The second sample consisted of N = 1380 participants (Mage = 41.17, SD = 13.92, female = 50%) US citizens, recruited through Prolific in three waves screening for political spectrum (conservative, moderate, and liberal), sex, and participation in any previous studies. The study took about 8 minutes to complete and all respondents were rewarded £1.20 for their efforts.

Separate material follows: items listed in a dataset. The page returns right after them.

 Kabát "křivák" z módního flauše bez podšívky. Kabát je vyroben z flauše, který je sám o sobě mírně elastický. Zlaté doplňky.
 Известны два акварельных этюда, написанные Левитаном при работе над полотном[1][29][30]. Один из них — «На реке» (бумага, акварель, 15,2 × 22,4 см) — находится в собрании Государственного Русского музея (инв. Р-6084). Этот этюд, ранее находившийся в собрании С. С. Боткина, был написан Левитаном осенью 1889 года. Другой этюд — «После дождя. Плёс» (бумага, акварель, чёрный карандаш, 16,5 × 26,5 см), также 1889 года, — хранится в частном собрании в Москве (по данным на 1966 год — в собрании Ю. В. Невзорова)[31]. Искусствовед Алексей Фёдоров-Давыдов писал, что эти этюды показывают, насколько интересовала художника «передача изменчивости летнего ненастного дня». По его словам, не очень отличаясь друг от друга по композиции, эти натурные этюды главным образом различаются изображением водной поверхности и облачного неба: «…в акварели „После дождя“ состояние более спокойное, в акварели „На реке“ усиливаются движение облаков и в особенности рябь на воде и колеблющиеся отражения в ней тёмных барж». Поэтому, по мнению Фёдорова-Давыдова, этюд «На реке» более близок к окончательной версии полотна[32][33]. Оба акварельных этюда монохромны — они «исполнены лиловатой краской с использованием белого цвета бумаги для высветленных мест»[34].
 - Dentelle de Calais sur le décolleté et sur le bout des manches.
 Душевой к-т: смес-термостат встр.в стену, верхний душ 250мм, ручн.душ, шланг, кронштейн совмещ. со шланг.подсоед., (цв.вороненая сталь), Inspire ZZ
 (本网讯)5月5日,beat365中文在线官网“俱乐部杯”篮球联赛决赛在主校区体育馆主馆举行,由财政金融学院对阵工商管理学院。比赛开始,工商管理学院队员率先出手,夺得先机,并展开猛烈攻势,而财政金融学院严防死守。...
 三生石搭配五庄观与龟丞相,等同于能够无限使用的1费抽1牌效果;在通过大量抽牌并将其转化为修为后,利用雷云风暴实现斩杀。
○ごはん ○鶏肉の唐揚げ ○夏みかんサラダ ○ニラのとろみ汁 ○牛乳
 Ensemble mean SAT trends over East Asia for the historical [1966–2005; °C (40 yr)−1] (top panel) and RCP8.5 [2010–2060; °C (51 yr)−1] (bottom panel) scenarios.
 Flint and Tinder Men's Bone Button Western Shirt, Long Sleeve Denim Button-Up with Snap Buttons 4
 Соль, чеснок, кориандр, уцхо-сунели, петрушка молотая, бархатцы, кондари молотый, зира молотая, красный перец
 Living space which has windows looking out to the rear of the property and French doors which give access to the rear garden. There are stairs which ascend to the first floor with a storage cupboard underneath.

The cultural characteristics are very similar to Sample 1. For instance, almost all respondents reported being born in the US (N = 1295), and mainly of Christian faith (53%) followed by Atheism (32%). Most of the participants identified as monocultural (51%) while 31% identified as multicultural. The sample reached an average score of M = 5.12 (SD = 1.72) on the self-reported socioeconomic Likert scale. A majority, 72%, had an undergraduate degree or higher and at the time of the data collection, 57% were employed or were starting a new job within the next month, while 13% were part-time employed, and 12% had a non-paid occupation (such as homemaker, retired or disabled). The remaining participants were either unemployed or did not fall into any occupational category.

Materials

The extended relevance scale

The ERS consists of a set of 24 items and holds 5 content themes: Compassion, Conformity, Collectivism, Individualism, and Religiosity. The former two themes are the major themes in the scale while the other are subthemes. In this study, however, we limited the analysis to focus on the ERS-C (Compassion, Conformity, and Collectivism; Cite appendix: Item key in appendix). Of the total 17 items analyzed in this study, 15 items came from the Relevance subscale (see Graham, Nosek et al. (Citation2011), for psychometric properties) and 2 new items, following the same style format as the original scale, were added.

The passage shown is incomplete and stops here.